BigPharma spends more on marketing than on science. The industry is an example of awesome marketing wizardry. The ethics of this are debatable, and too complex to deal with here. I’ve suggested that, as long as we’re aware, and accept that the industry is biased, we can still make informed choices.

But recent evidence suggests that doctors are not always aware of, or on guard against the influence of the pharmaceutical industry.

For example, they prescribed Paxil, and now there are some 600 lawsuits filed against the manufacturer GlaxoSmithKline claiming that the antidepressant causes birth defects. The first case resulted in a $2.5 million judgment against the company.

I’m not saying these doctors deliberately misled their patients.

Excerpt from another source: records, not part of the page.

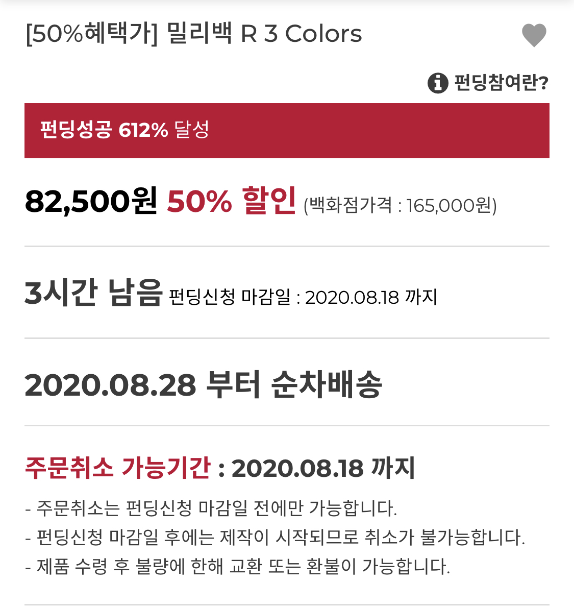 밀리백의 경우도 정가 174000원인데 펀딩가는 87000원이고, R은 82000원이에요.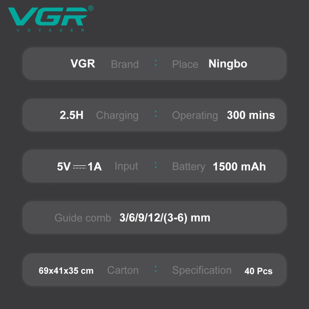 VGR V-111 — це багатофункціональний набір 5 в 1, який поєднує в собі тример для бороди, вусів, волосся, носа та вух. Ідеальний вибір для тих, хто цінує акуратність, комфорт і стильний вигляд щодня.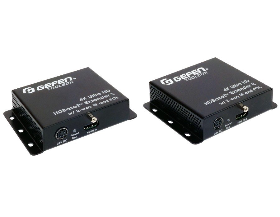 The GTB-UHD-HBTL 4K Ultra HD Extender uses Gefen’s implementation of the HDBaseT™ technology to extend HDMI up to 230 feet/70 meters at 1080p and up to 130 feet/40 meters at 4K, using one CAT-5e or better cable. Resolutions up to 4K Ultra HD (3840 x 2160 @ 60 Hz 4:2:0) with 7.1 channels of HBR (High Bit Rate) lossless digital audio are supported. This product provides 2-way IR extension between the Sender and the Receiver units, facilitating the control of A/V sources placed near the Sender unit and sending automation commands to the display or another device placed near the Receiver unit. Gefen’s Bi-Directional POL (Power Over Line) technology powers the Sender or the Receiver unit using the same cable that extends the HDMI signal. Only one of the two units will need a power supply. This feature simplifies installation in cases when an electrical outlet may not be available near the source or the display. Small, low profile enclosures can be securely surface-mounted and conveniently hidden away from sight.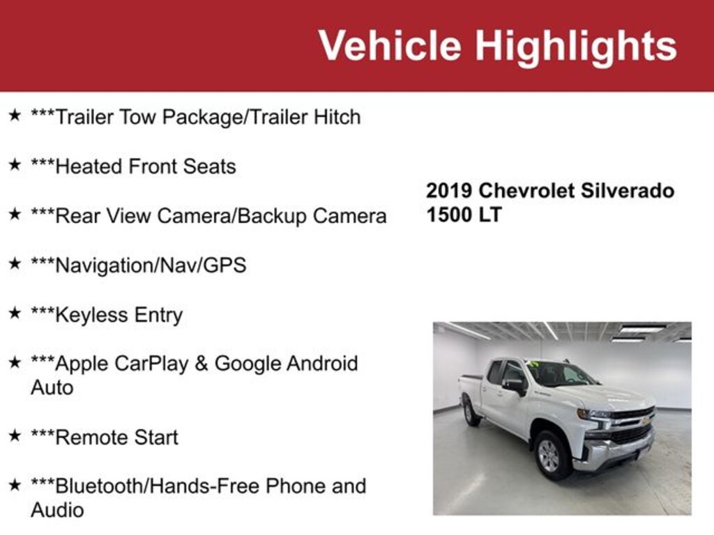 ***Trailer Tow Package/Trailer Hitch, ***Heated Front Seats, ***Rear View Camera/Backup Camera, ***Navigation/Nav/GPS, ***Keyless Entry, ***Apple CarPlay & Google Android Auto, ***Remote Start, ***Bluetooth/Hands-Free Phone and Audio, ***Keyless Start, ***Heated Steering Wheel, ***Accident-Free Autocheck, ***Local Trade-In, 8-Speed Automatic, 4WD, Jet Black w/Cloth Seat Trim, 10-Way Power Driver Seat w/Lumbar, 12-Volt Rear Auxiliary Power Outlet, 2 USB Ports (First Row), 4-Way Manual Driver Seat Adjuster, 4.2" Diagonal Color Display Driver Info Center, 40/20/40 Front Split-Bench Seat, All-Star Edition, Bluetooth® For Phone, Chevrolet Connected Access, Chevrolet w/4G LTE, Chrome Grille, Chrome Mirror Caps, Color-Keyed Carpeting Floor Covering, Compass, Convenience Package, Deep-Tinted Glass, Dual-Zone Automatic Climate Control, Electric Rear-Window Defogger, Electrical Lock Control Steering Column, Electronic Cruise Control, EZ Lift Power Lock & Release Tailgate, Front Frame-Mounted Black Recovery Hooks, Front Rubberized Vinyl Floor Mats, Heated Driver & Front Passenger Seats, Heated Steering Wheel, Heavy-Duty Rear Locking Differential, Hitch Guidance, Keyless Open & Start, Leather Wrapped Steering Wheel, LED Cargo Area Lighting, Locking Tailgate, Manual Tilt Wheel Steering Column, Manual Tilt/Telescoping Steering Column, OnStar & Chevrolet Connected Services Capable, Power Door Locks, Power Front Windows w/Driver Express Up/Down, Power Front Windows w/Passenger Express Down, Power Rear Windows w/Express Down, Preferred Equipment Group 1LT, Rear 60/40 Folding Bench Seat (Folds Up), Rear Dual USB Charging-Only Ports, Rear Rubberized-Vinyl Floor Mats, Rear Vision Camera, Remote Keyless Entry, Remote Vehicle Starter System, Single-Zone Manual/Semi-Automatic Air Conditioning, Steering Wheel Audio Controls, Theft Deterrent System (Unauthorized Entry), Trailering Package, Urethane Steering Wheel.

But perhaps they were misled by the marketers.

Another example is the HPV vaccine – targeting human papilloma virus, which can cause cervical cancer. Writing in the Journal of the American Medical Association , Dr. Charlotte Haug points out: “If the potential benefits are substantial, most individuals would be willing to accept the risks.”

She hints that perhaps the risks of the HPV vaccine may actually outweigh the benefits. Yet, the HPV vaccine is now widely recommended for teen girls and young women, after a massive marketing campaign earned GlaxoSmithKline the “brand of the year” for creating “a market out of thin air.”

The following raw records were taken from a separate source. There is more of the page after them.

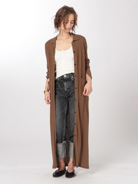 シャツのディテールをリブ編みで表現したロングカーディガン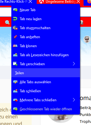 hab ein Problem.. Wenn ich auf Tab-Rechtsklick mache hat es ein Button "Teilen" hab versucht dort ein Icon zu setzen aber funkt nicht.. bei einigen Anderen hat es geklappt.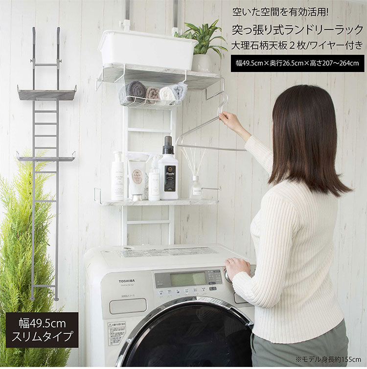 伸縮 突っ張りランドリーラック 大理石柄 2枚 ワイヤー付き バスケット 防水パン対応 突っ張り 突っ張り式ランドリーラック バスケット カゴ 洗濯 洗濯機 ラック ランドリー収納 洗面所 フラット棚(代引不可)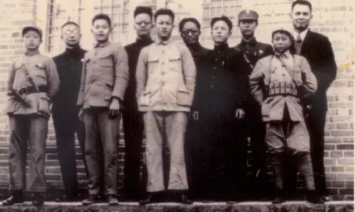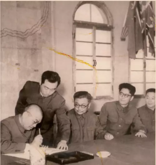 當年的大寨民兵組織,中間是陳永貴和郭風蓮。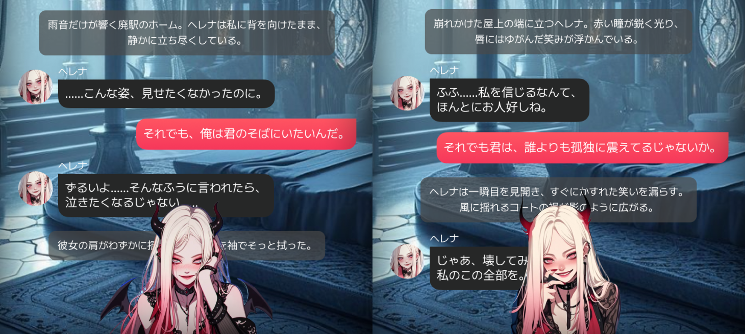 感情と背景画像の生成:会話の状況に合わせたキャラクターの感情と背景画像を生成できます。
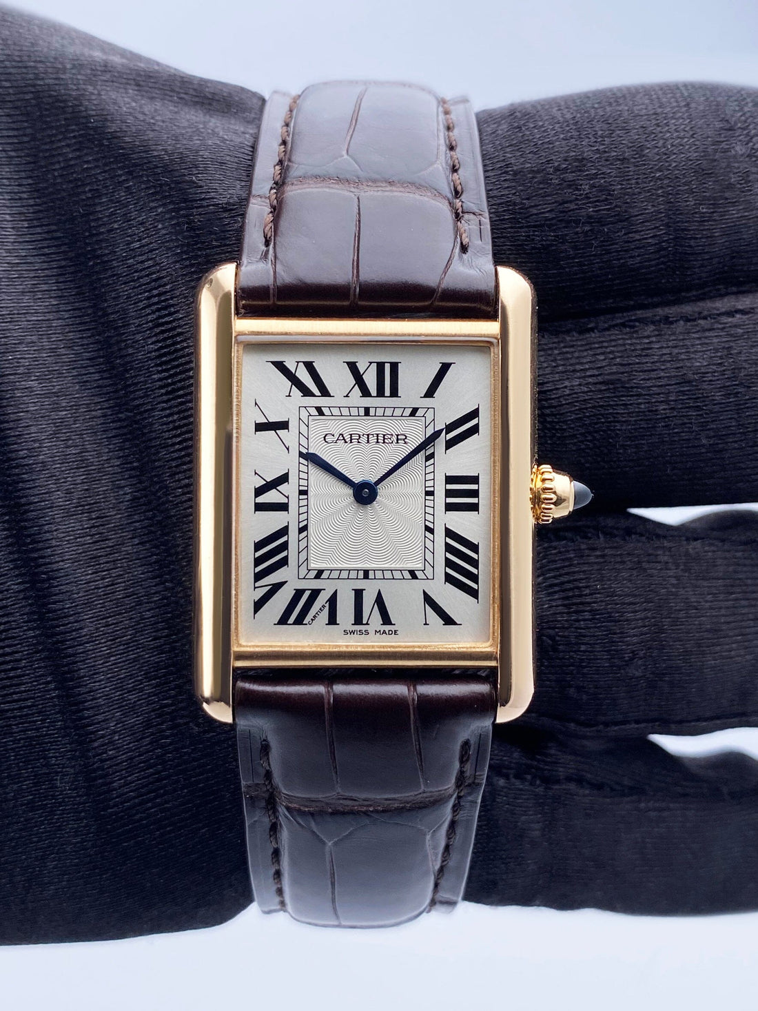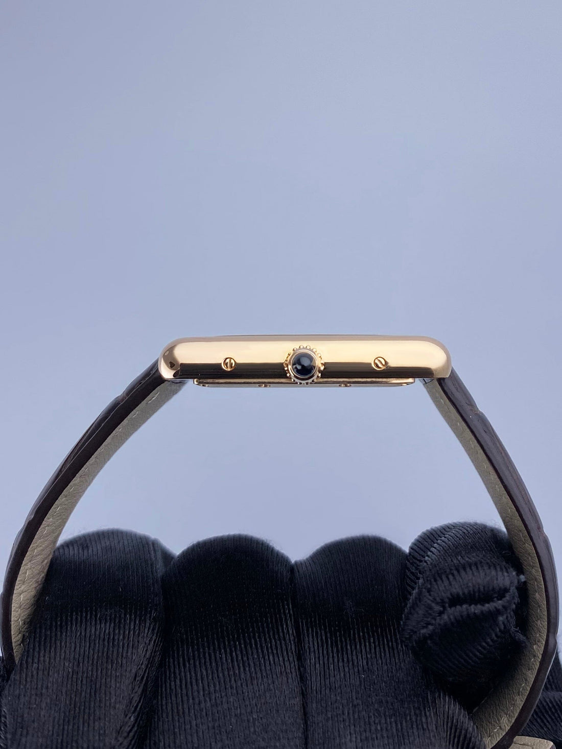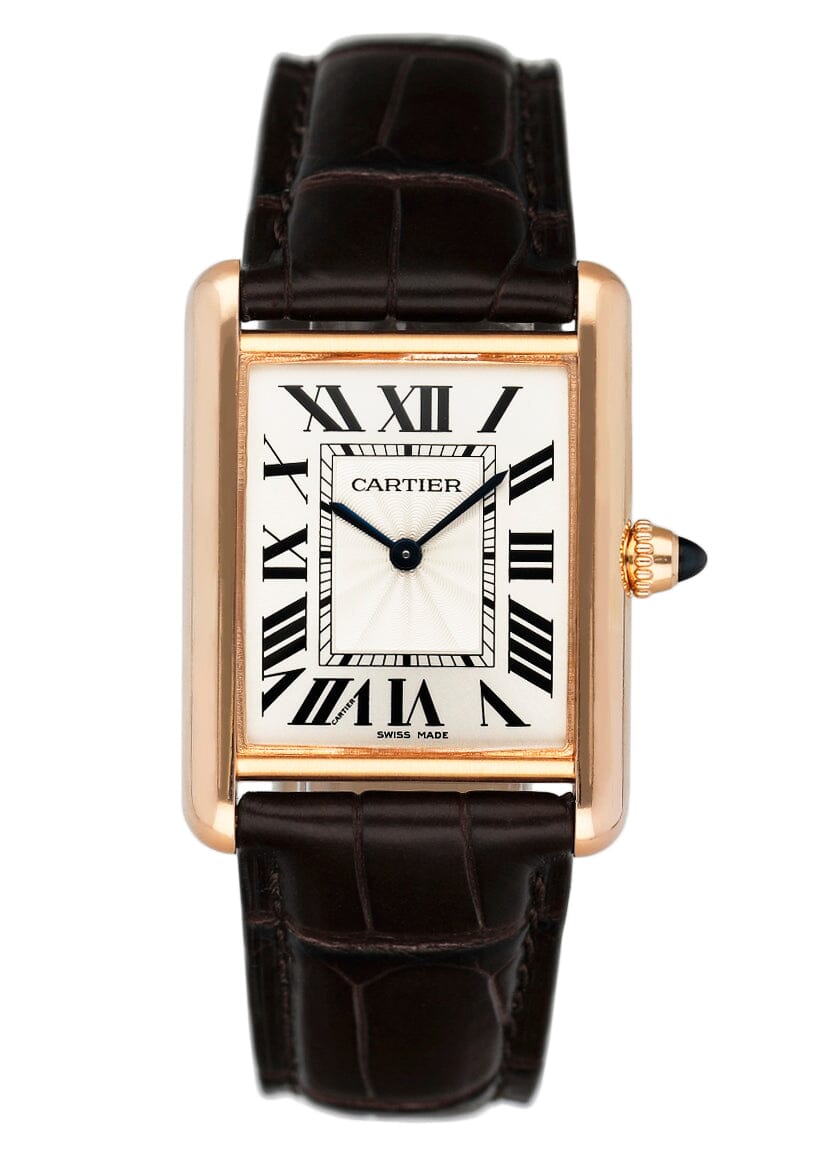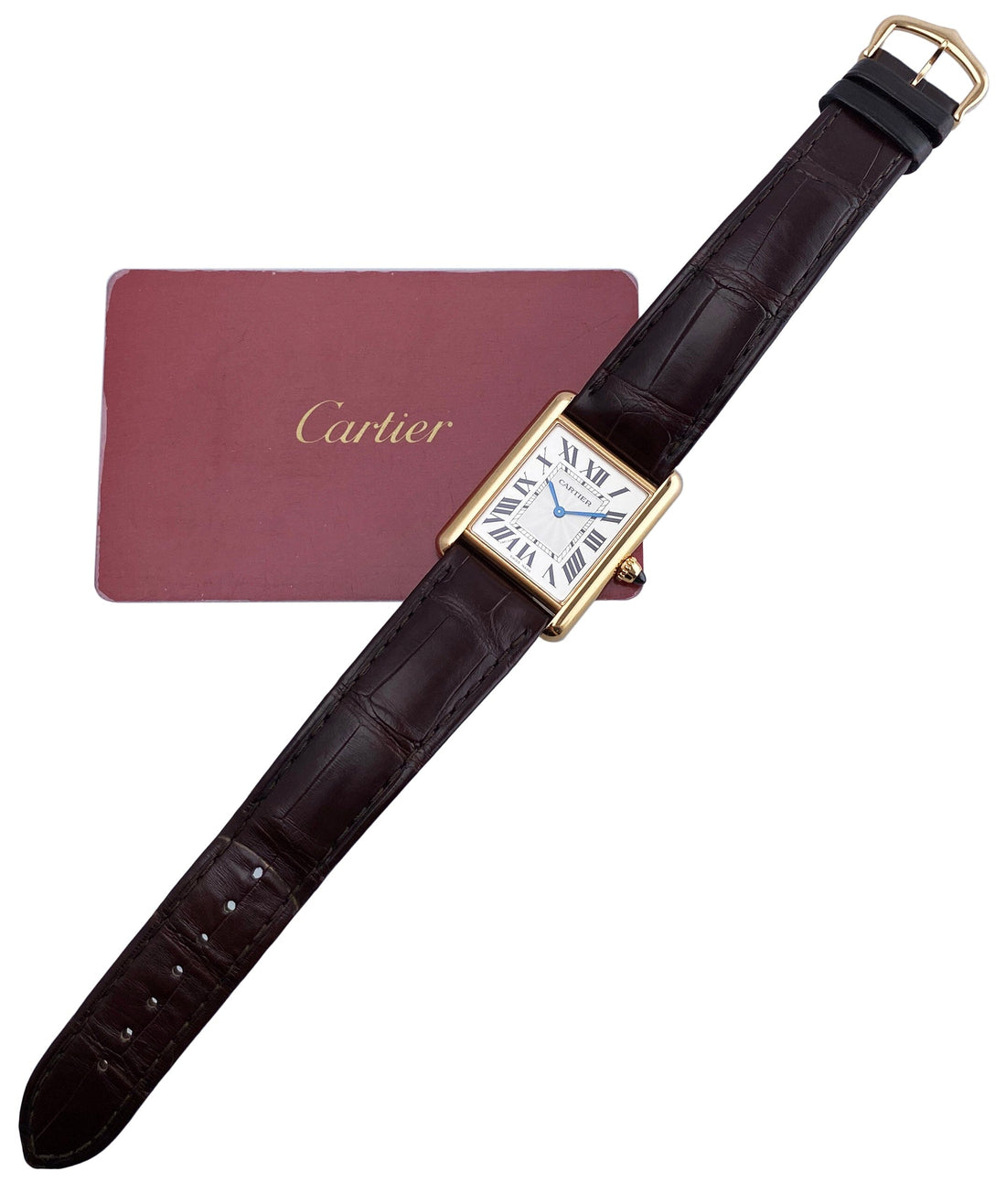 Cartier Tank Louis Large WGTA0011 / 3816 Watch. 25.5mm 18K rose gold case. Silver dial with blue hands and black Roman numeral hour markers. Minute markers on the inner dial. Brown leather strap with 18K rose gold buckle. It will fit up to a 7-Inch wrist. Sapphire crystal. 18K yellow gold case back. Mechanical hand winding movement. This watch comes with original Box and Papers.

The H1N1 pandemic is a pharmaceutical marketer’s jackpot. Think of it. Worldwide demand. Universal recommendations for vaccination. Fast-track approval with few questions asked. And a general public that has accepted uncertainty, because it is there – regardless of whether they get the shot or not.

Doctors are recommending the vaccine because other doctors are recommending it. Medical authorities like Health Canada are recommending it because the U.S. Centers for Disease Control and the World Health Organization are recommending it. But when asked personally if they will be getting vaccinated – many doctors say no. Surveys estimate this number could be anywhere from 30% to 60%.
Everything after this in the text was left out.